A lei é sobre disputa entre pessoas ou entidades sob uma autoridade legal. É como costumamos resolver conflitos em sociedade. Utilizamos um terceiro, a autoridade legal, o estado burocrático, como elemento de resolução de conflitos.

A ordenamento jurídico é a estrutura dessas disputas, ou seja, quais são as regras e como elas são aplicadas.

O estado de direito impõe que as entidades legais, quaisquer que sejam, não estarão acima do ordenamento. No entanto, há diversos grupos de interesse que manobram suas demandas com maior ou menos flexibilidade a depender da magnitude da sua influência. Ou seja, sob a lei, temos plena igualdade formal, apenas.

O estado de direito supostamente horizontaliza as relações possivelmente conflituosas entre as entidades legais, sob as mesmas regras.

Em um mundo ideal do estado de direito, ninguém está acima da lei.

O que é a Web3

É sobre segurança e descentralização. Recentemente, escrevi um artigo explicando de forma resumida do que se trata.

Basicamente, é a internet descentralizada. Nela, não há servidores centrais e nada existe em um único local físico.

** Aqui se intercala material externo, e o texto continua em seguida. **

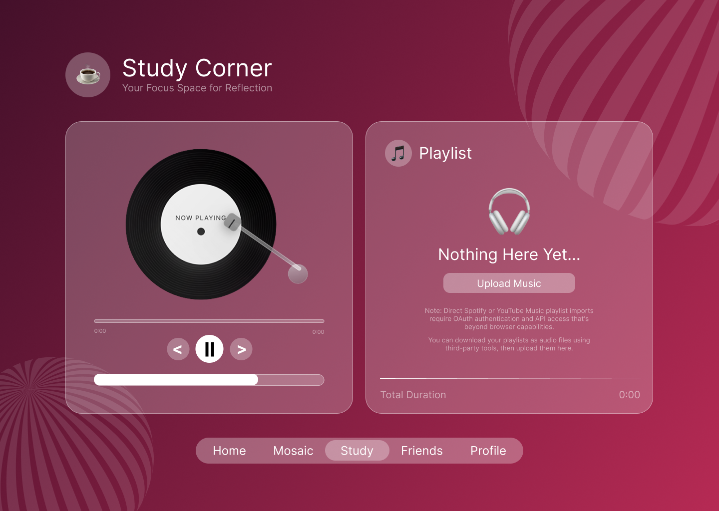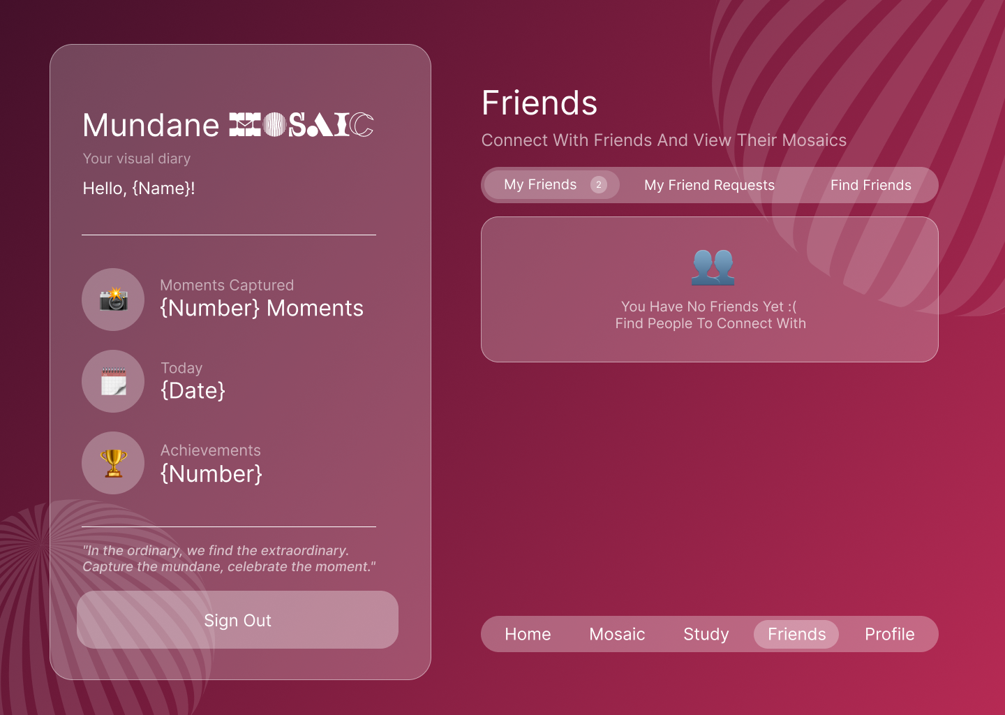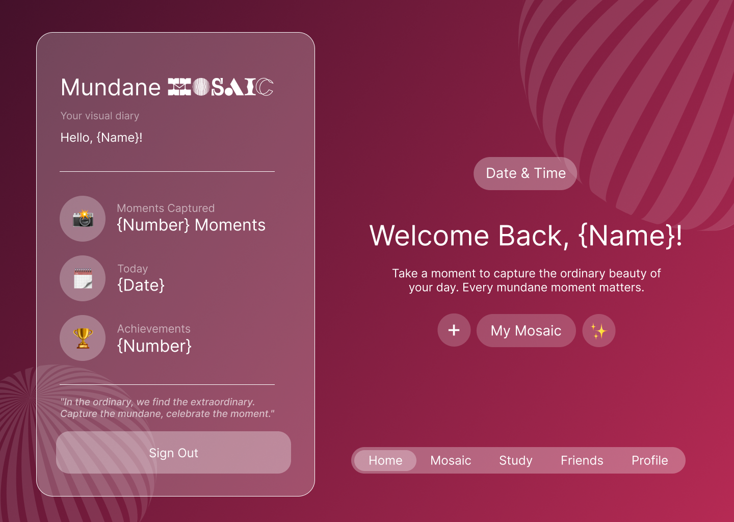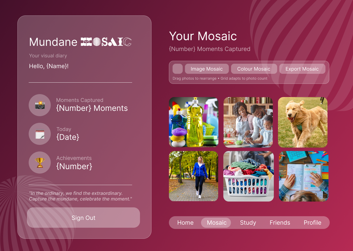Mundane Mosaic lets users upload moments from their daily routines and turns them into clean, aesthetic photo strips that slowly build into a personal visual mosaic. While adding or documenting their tasks, users can also listen to music directly through the platform, turning ordinary chores into a more engaging, uplifting, and reflective ritual.
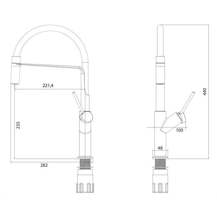- съемный излив; - поворотный излив; - длина излива: 22,1 см; - высота излива воды: 23,5 см; - полная высота смесителя: 44 см; - душ 1-функциональный.
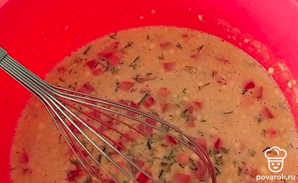 Разбейте яйца, добавьте соль и молоко. Взбивая, постепенно добавляйте муку. Хорошо все смешайте до однородной массы, затем добавьте зелень и помидор.
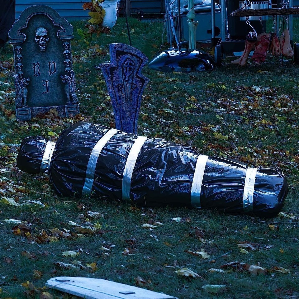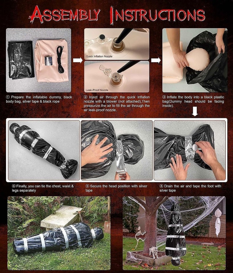 Step-by-step assembly ? First, inflate the mannequin prop, then place it inside the black body bag. Use the rope to secure it, and wrap the silver metallic tape around key parts for a realistic effect. Assembly is required to complete the decoration.

É como um computador global que existe de forma difusa e além de qualquer autoridade ou soberania.

Nela, protocolos descentralizados cumprem funções tipicamente realizadas por entidades centralizadas e presentes sob um ordenamento jurídico tradicional.

Em Defi, finanças descentralizadas cumprem o papel tradicional de instituições como bancos, por exemplo. É possível emprestar dinheiro ou contrair empréstimos, tudo a partir de contratos inteligentes.

Em protocolos de leilão digital, por exemplo, é possível organizar a venda de ativos digitais ao maior comprador. Esses ativos digitais podem ou não terem contrapartidas (valor de uso) ou estarem atrelados a ativos tangíveis (representações virtuais, ou sintéticas, de ativos reais).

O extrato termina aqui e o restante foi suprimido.